AI Article Synopsis

  • A rare case of a 5-year-old boy from a Bantu background is reported, presenting with oral-visceral Kaposi sarcoma after treatment for high-risk acute lymphoblastic leukemia, marking possibly just the second documented case of this phenomenon.
  • The boy developed a non-painful oral mass one month post-treatment, which was successfully treated with a regimen of bleomycin and vincristine, demonstrating a positive clinical response.
  • The report emphasizes the need for heightened awareness among clinicians regarding the potential for second malignancies like Kaposi sarcoma in children who have undergone leukemia treatment, recommending routine evaluations during long-term follow-ups.

Article Abstract

Background: There have hardly been any reported cases of children presenting with Kaposi sarcoma as a second malignancy following treatment for acute lymphoblastic leukemia outside a transplant setting.

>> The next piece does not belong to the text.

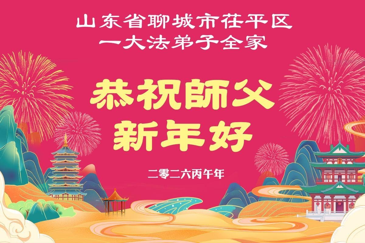 师尊过年好!弟子给您拜年了!师尊辛苦了!我们一定遵照师尊要求努力精進,随师回家。 山东省莱州市一个家庭学法小组共四人 二零二六年二月十四日 山东省聊城地区全体大法弟子恭祝师父过年好!
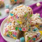 Delightfully sweet and colorful Lucky Charms Treats combining crispy cereal with gooey marshmallows and a hint of vanilla. These no-bake treats are easy to make and perfect for a fun snack or party dessert.

Case Presentation: We report a case of a 5-year-old boy of Bantu origin, which, to our knowledge, could be only the second reported case of oral-visceral Kaposi sarcoma after acute lymphoblastic leukemia treatment. The patient presented with a 1-month history of progressive, non-painful, soft tissue oral mass, 1 month after completing treatment for high-risk acute lymphoblastic leukemia. He was successfully treated for Kaposi sarcoma on a two-drug regimen (bleomycin and vincristine) with good clinical response.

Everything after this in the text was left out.